From: "Michael S. Tsirkin" <mst@redhat.com>
To: Linus Torvalds <torvalds@linux-foundation.org>
Cc: Davidlohr Bueso <dave@stgolabs.net>,
Peter Zijlstra <peterz@infradead.org>,
Ingo Molnar <mingo@kernel.org>,
Thomas Gleixner <tglx@linutronix.de>,
"Paul E. McKenney" <paulmck@linux.vnet.ibm.com>,
Linux Kernel Mailing List <linux-kernel@vger.kernel.org>,
the arch/x86 maintainers <x86@kernel.org>,
Davidlohr Bueso <dbueso@suse.de>,
"H. Peter Anvin" <hpa@zytor.com>,
virtualization@lists.linux-foundation.org
Subject: Re: [PATCH 3/4] x86,asm: Re-work smp_store_mb()

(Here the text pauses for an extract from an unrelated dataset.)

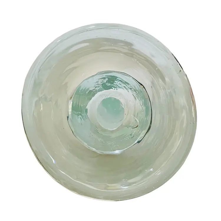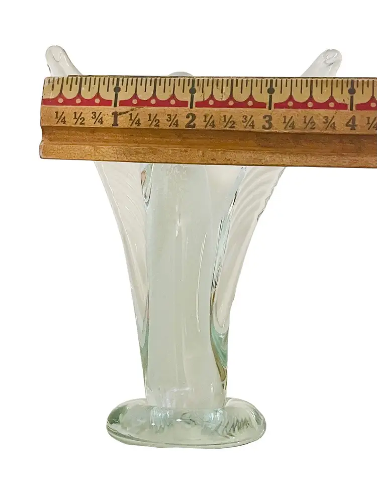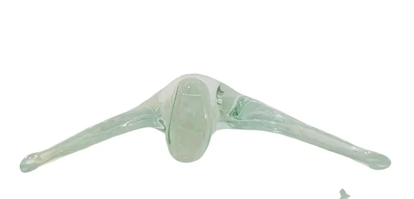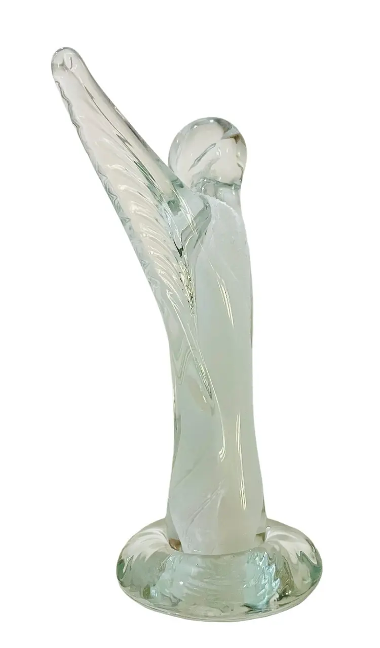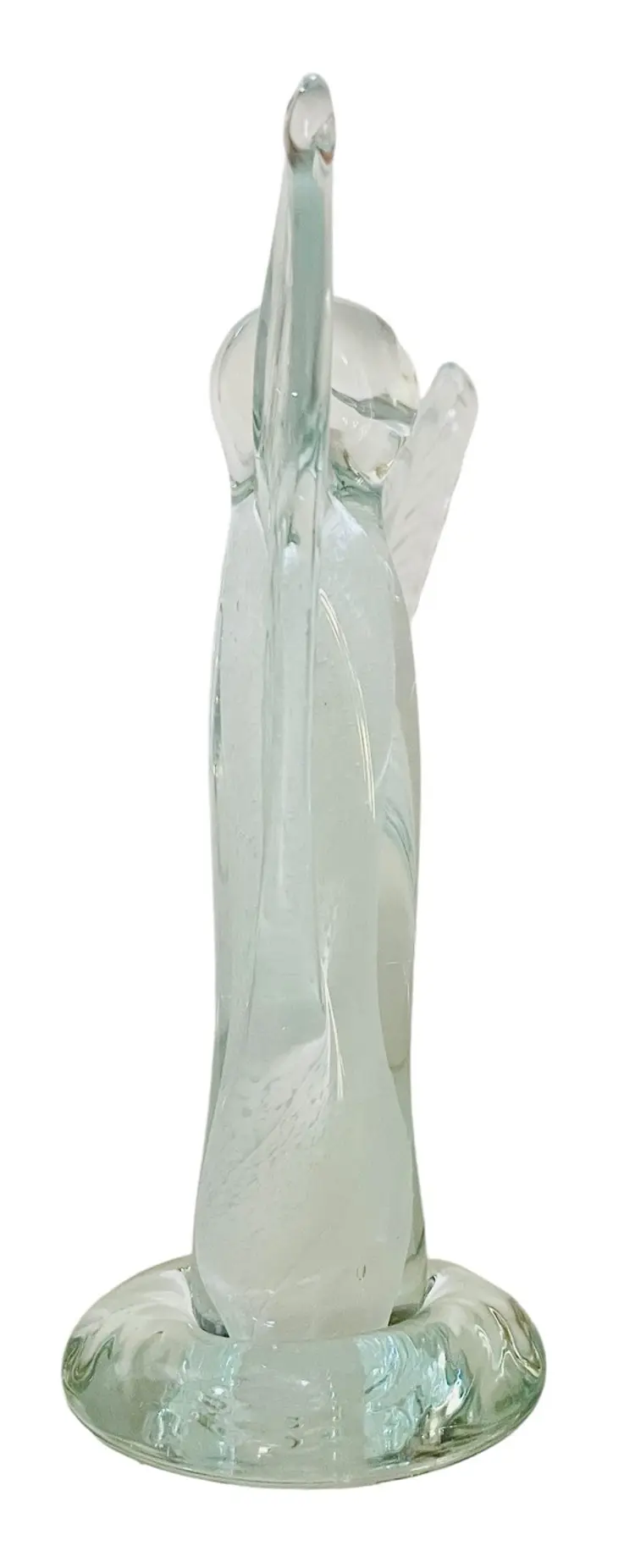 This stunning art glass paperweight figurine features a beautiful angel with wings spread, handcrafted from clear glass using the hand blown technique. Measuring 5 inches in height and 4 inches in width, this original piece is sure to add a touch of elegance to any room. The mottled white body and glossy finish make this paperweight a unique and special addition to any collection. Made by an unmarked brand, this glass paperweight figurine is a one-of-a-kind item that is both beautiful and functional. Perfect for display on a shelf or as a decorative piece on a desk, this handmade item is a must-have for any lover of art glass. With its original production style and production technique, this piece is a true work of art.

Date: Tue, 12 Jan 2016 15:57:38 +0200 [thread overview]
Message-ID: <20160112150032-mutt-send-email-mst@redhat.com> (raw)
In-Reply-To: <CA+55aFynbkeuUGs9s-q+fLY6MeRBA6MjEyWWbbe7A5AaqsAknw@mail.gmail.com>
On Mon, Nov 02, 2015 at 04:06:46PM -0800, Linus Torvalds wrote:
> On Mon, Nov 2, 2015 at 12:15 PM, Davidlohr Bueso <dave@stgolabs.net> wrote:
> >
> > So I ran some experiments on an IvyBridge (2.8GHz) and the cost of XCHG is
> > constantly cheaper (by at least half the latency) than MFENCE. While there
> > was a decent amount of variation, this difference remained rather constant.
>
> Mind testing "lock addq $0,0(%rsp)" instead of mfence? That's what we
> use on old cpu's without one (ie 32-bit).
>
> I'm not actually convinced that mfence is necessarily a good idea. I
> could easily see it being microcode, for example.
>
> At least on my Haswell, the "lock addq" is pretty much exactly half
> the cost of "mfence".
>
> Linus
mfence was high on some traces I was seeing, so I got curious, too:
---->
main.c
---->
extern volatile int x;
volatile int x;
#ifdef __x86_64__
#define SP "rsp"
#else
#define SP "esp"
#endif
#ifdef lock
#define barrier() asm("lock; addl $0,0(%%" SP ")" ::: "memory")
#endif
#ifdef xchg
#define barrier() do { int p; int ret; asm volatile ("xchgl %0, %1;": "=r"(ret) : "m"(p): "memory", "cc"); } while (0)
#endif
#ifdef xchgrz
/* same as xchg but poking at gcc red zone */
#define barrier() do { int ret; asm volatile ("xchgl %0, -4(%%" SP ");": "=r"(ret) :: "memory", "cc"); } while (0)
#endif
#ifdef mfence
#define barrier() asm("mfence" ::: "memory")
#endif
#ifdef lfence
#define barrier() asm("lfence" ::: "memory")
#endif
#ifdef sfence
#define barrier() asm("sfence" ::: "memory")
#endif
int main(int argc, char **argv)
{
int i;
int j = 1234;
/*
* Test barrier in a loop. We also poke at a volatile variable in an
* attempt to make it a bit more realistic - this way there's something
* in the store-buffer.
*/
for (i = 0; i < 10000000; ++i) {
x = i - j;
barrier();
j = x;
}
return 0;
}
---->
Makefile:
---->
ALL = xchg xchgrz lock mfence lfence sfence
CC = gcc
CFLAGS += -Wall -O2 -ggdb
PERF = perf stat -r 10 --log-fd 1 --
all: ${ALL}
clean:
rm -f ${ALL}
run: all
for file in ${ALL}; do echo ${PERF} ./$$file ; ${PERF} ./$$file; done
.PHONY: all clean run
${ALL}: main.c
${CC} ${CFLAGS} -D$@ -o $@ main.c
----->
Is this a good way to test it?
E.g. on my laptop I get:
perf stat -r 10 --log-fd 1 -- ./xchg
Performance counter stats for './xchg' (10 runs):
53.236967 task-clock # 0.992 CPUs utilized ( +- 0.09% )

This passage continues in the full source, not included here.